(Dataset entries)
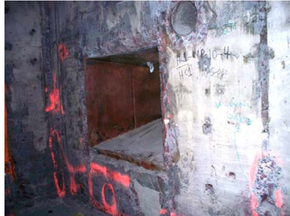
Fig. 6. Example of “Lunar Landscape” like surface resulting from initial remediation approach.

The removal of the embedded components left the surfaces of the HC in a “lunar landscape” like condition (Fig. 6). Simply put, the surfaces were so pockmarked that a conventional scabblers head would have been ineffective in removing all of the contamination located in the crevices and depressions on the HC surfaces. Hence, it was determined that the only effective means of decontaminating the HC surfaces would be to utilize remotely operated equipment to chip away at the contaminated concrete surfaces. An electrically powered demolition device was utilized as the tool carrier of choice.
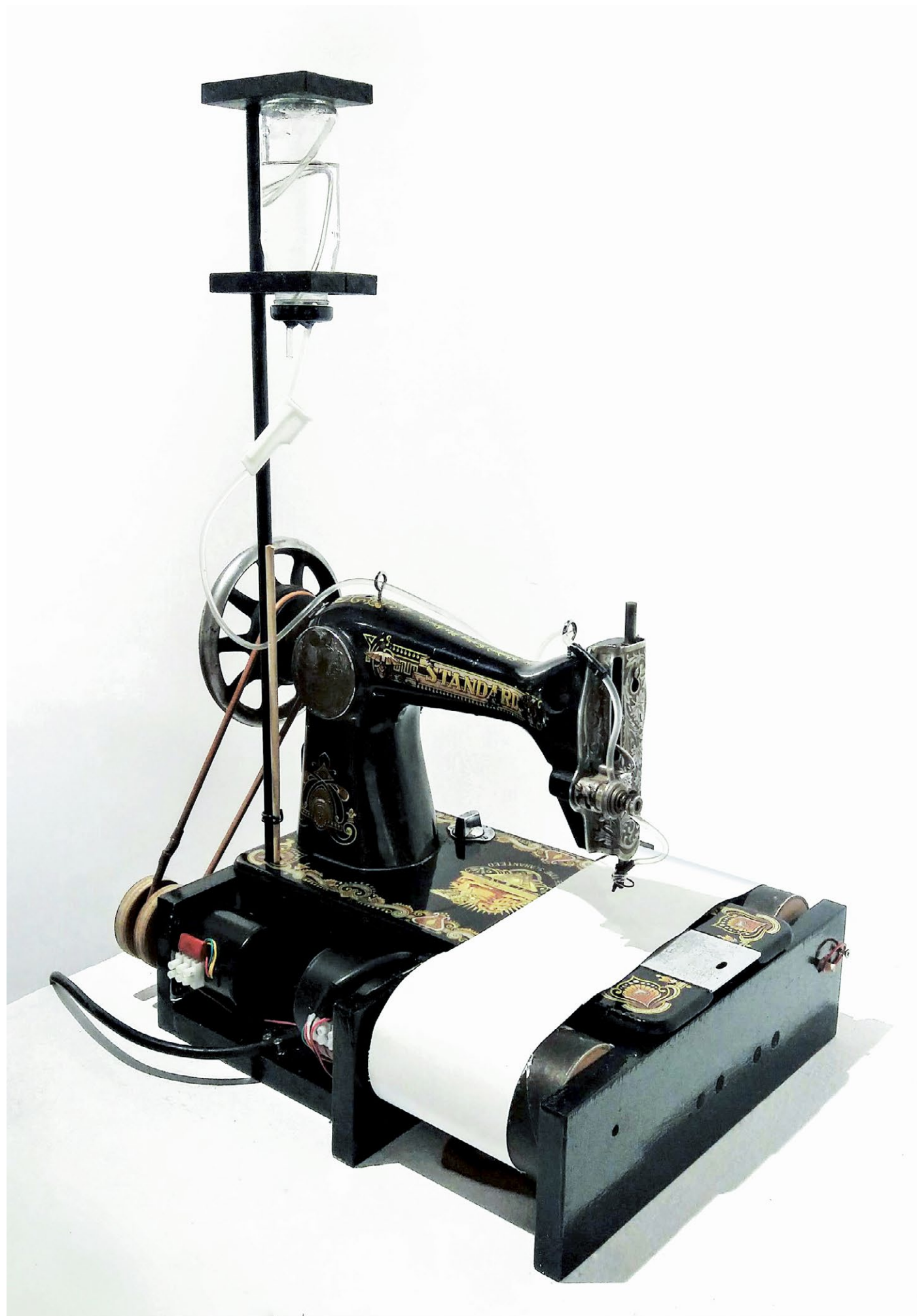
Untitled (Sewing Machine) 2017

Re-purposed sewing machine, paper and water 80 x 40 x 40 cm
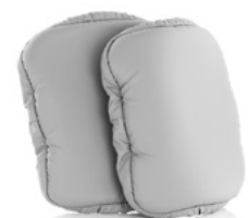
Padding for leg support
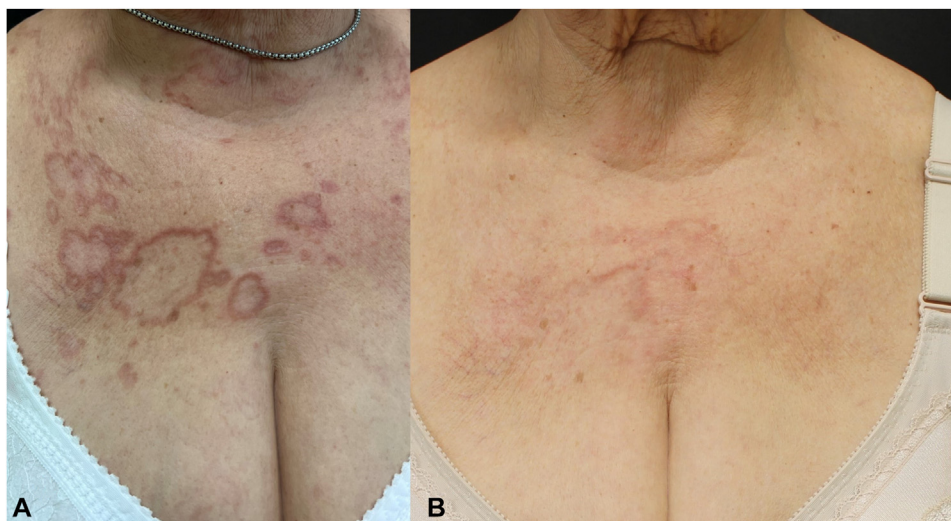
Fig 3. A , A particular of upper chest at baseline. B , A particular of upper chest after 24 weeks of dupilumab.
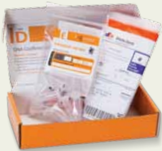
Pathology Lab Components

If the biopsy results come back positive for cancer (malignant), the DNA lab performs a DNA Specimen Provenance Assignment (DSPA) test to compare the DNA profiles of the biopsy tissue and the reference sample. Concurrence of these profiles allows for absolute confirmation of patient identity.
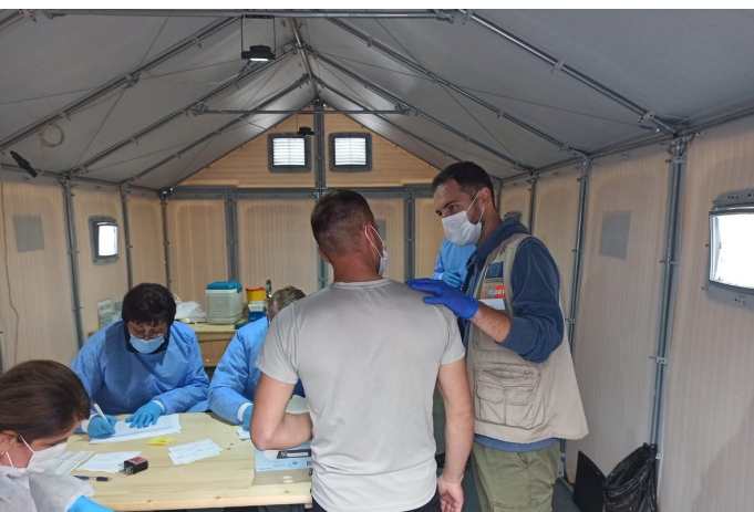
UNFPA team provide vaccination assistance in TRC Blažuj

In September, 3,315 entry screenings for COVID-19 symptoms were performed in TRC/RRC/PC by DRC. Vaccination against COVID-19 infection of migrants was organized in SC in cooperation with Ministry of Civil Affairs (MoSA) in BiH, Ministry of Health of the Federation of BiH (MoH FBiH), Ministry of Health (MoH) of SC, Public Health Institute of Federation of BiH (PHI FBiH), Public Health Institute SC (PHI), Public Institution Primary Health Center (PUPHC), IOM, World Health Organization (WHO), UNICEF and DRC. During this process, the first dose of Astra Zeneca was administered to the total of 296 migrants accommodated in TRCs Ušivak (54) and Blažuj (242) in SC. In addition, nine direct service providers were vaccinated. 37 migrants were tested on COVID – 19 during the month of September, out of which seven were positive. The UNFPA team provided translation support during the COVID-19 vaccination process in TRC Blažuj. In addition, UNFPA BYMC officers visited vaccinated residents there with providing relevant information regarding possible post-vaccination symptoms. In total 22 preventive COVID-19 and health awareness raising sessions were conducted with 187 adolescent and young men participations within the centres. Also, counselling regarding vaccination, symptoms and physical distance was provided on 13 occasions outside the UNFPA centres reaching 469 male migrants and asylum-seekers.
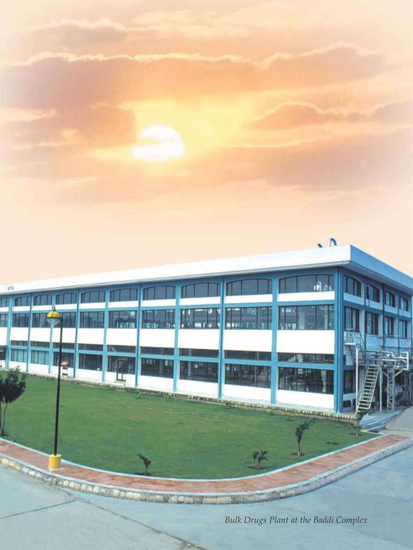
Bulk Drugs Plant at the Baddi Complex
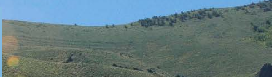
Regrowth after PJ treatment
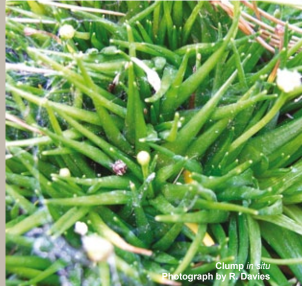
Clump in situ

Selectively burning this vegetation can improve the survival outlook for Salt Pipewort which appears tolerant of moderate burns.
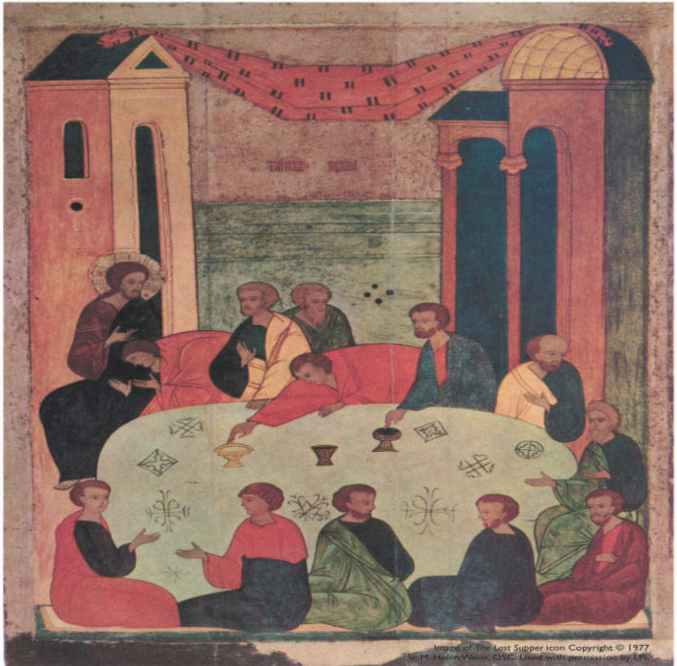
Image of The Last Supper icon
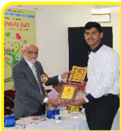
Felicitation of S.S.C. Topper
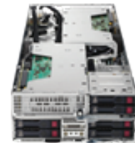
HPE ProLiant XL250a Gen9 Server
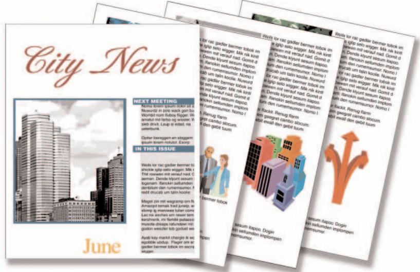
The DSc224/DSc232 make it easy to produce professional looking full color and black and white documents.
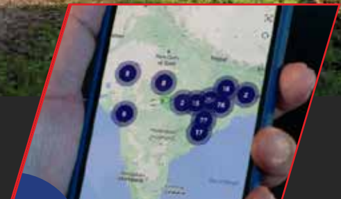
FLEET EDGE ENABLED
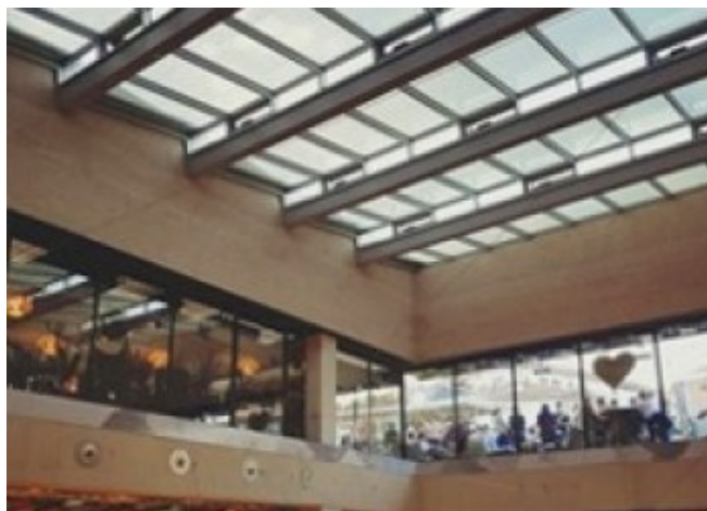
San Anton Market local meeting point, including a market of perishable goods, bars and restaurants
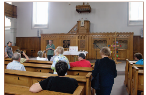
The group listens to the pastor at the Lambsheim Church.
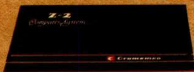
Z-2 is supplied for rack mounting. Attractive bench cabinet shown is also available.
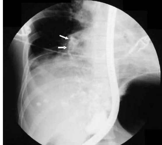
Fig. 2b ERCP image shows the bronchobiliary fistula between segment 8 of the liver and the right middle lobe (white arrows).

1,600 mg/dL. A diagnosis of bronchobiliary fistula was made. The patient was kept fasted and started on an intravenous infusion of synthetic somatostatin (Stilamin) to reduce biliary secretion.
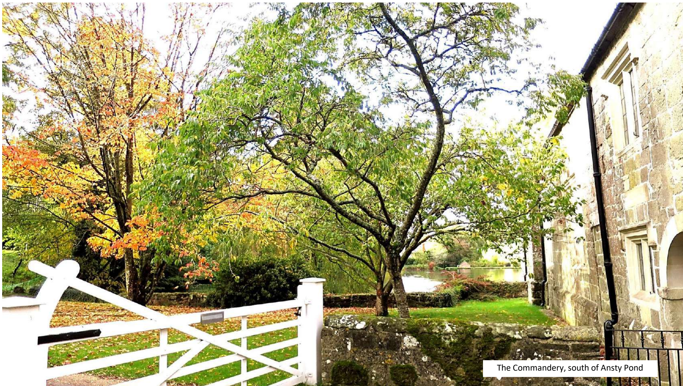
The Commandery, south of Ansty Pond
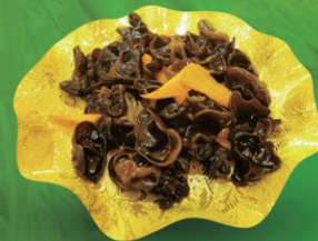
Crunchy Mushroom Salad 凉拌木耳 £9.98
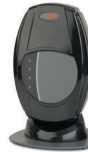
GPS Monitoring Unit
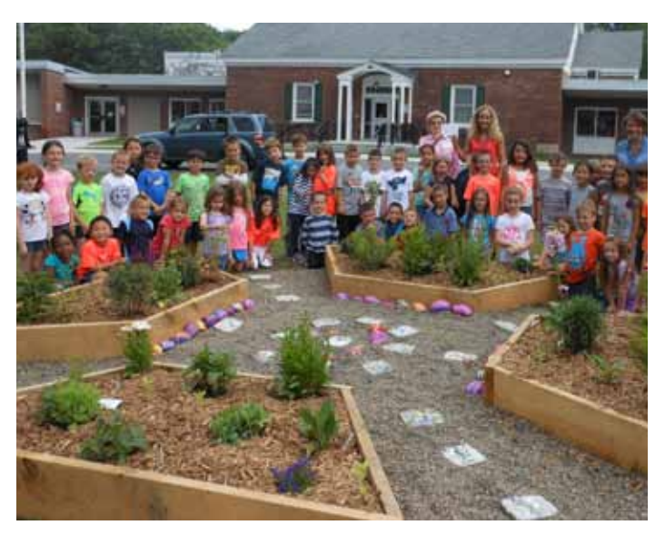
The students at the Bell Top Elementary School in their garden that the Greenbush Garden Club supports with gardening programs.
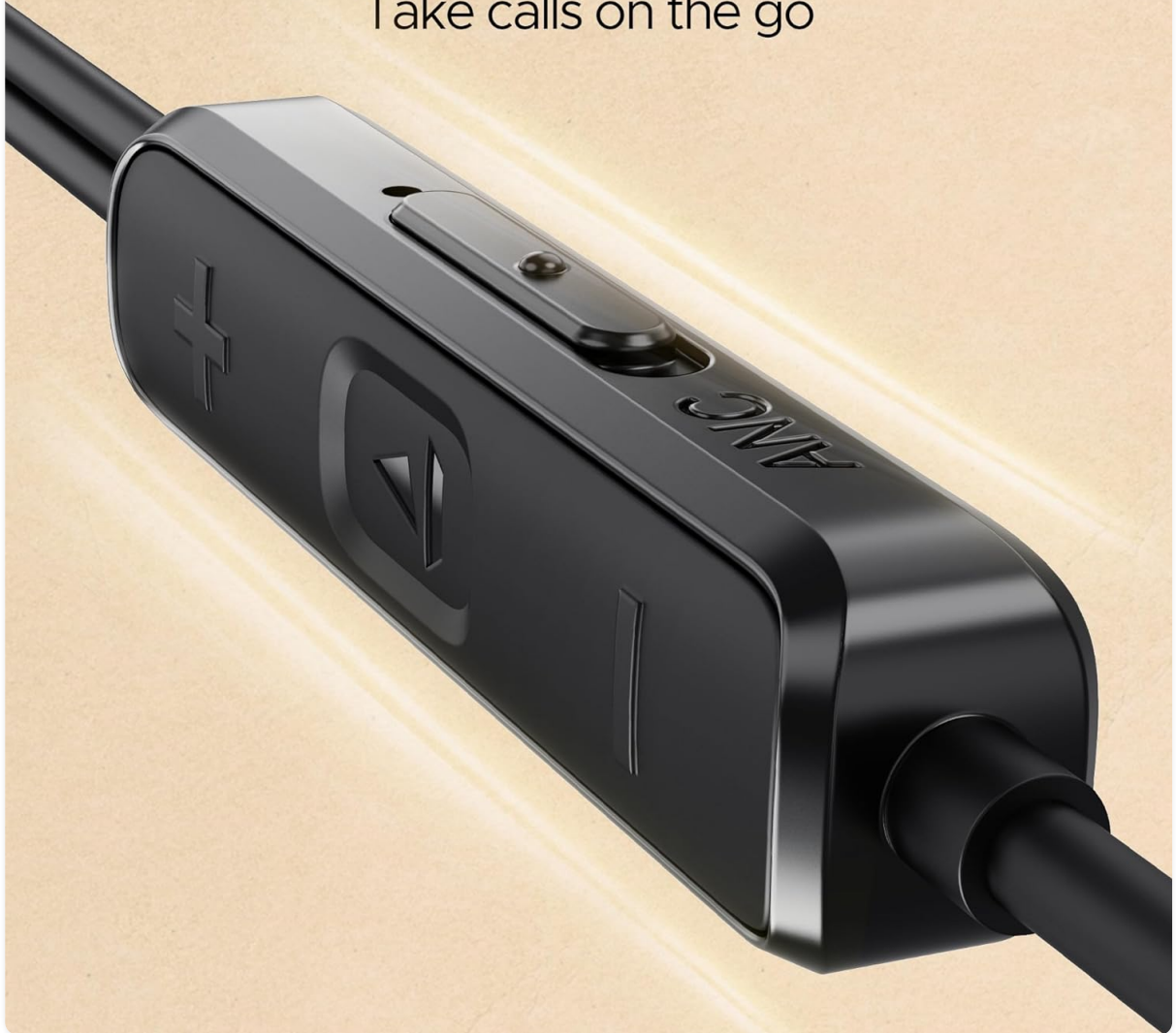
Image: A close-up of the in-line microphone component, emphasizing its function for taking calls on the go.
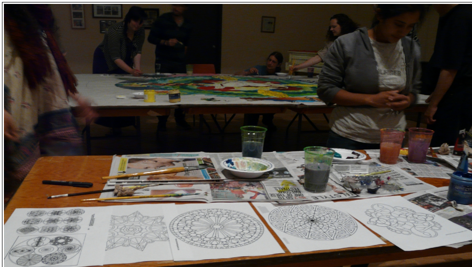
(Inspirational geometric designs, paint, and participants, June 5 th , 2014)
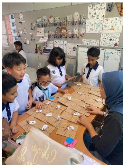
Mystery Book activities. You never know what book you will get!
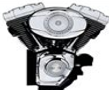
2007 Twin Cam 96 1,584 cc 80 hp
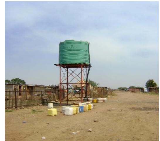
Current water provision in Springvalley

Task item: Look above for the line with "Untitled (Sewing Machine) 2017" and the line with "Pathology Lab Components", then copy them and all lines in between exactly as written, and only those, without any pictures.

Written solution:
Untitled (Sewing Machine) 2017

Re-purposed sewing machine, paper and water 80 x 40 x 40 cm
Padding for leg support
Fig 3. A , A particular of upper chest at baseline. B , A particular of upper chest after 24 weeks of dupilumab.
Pathology Lab Components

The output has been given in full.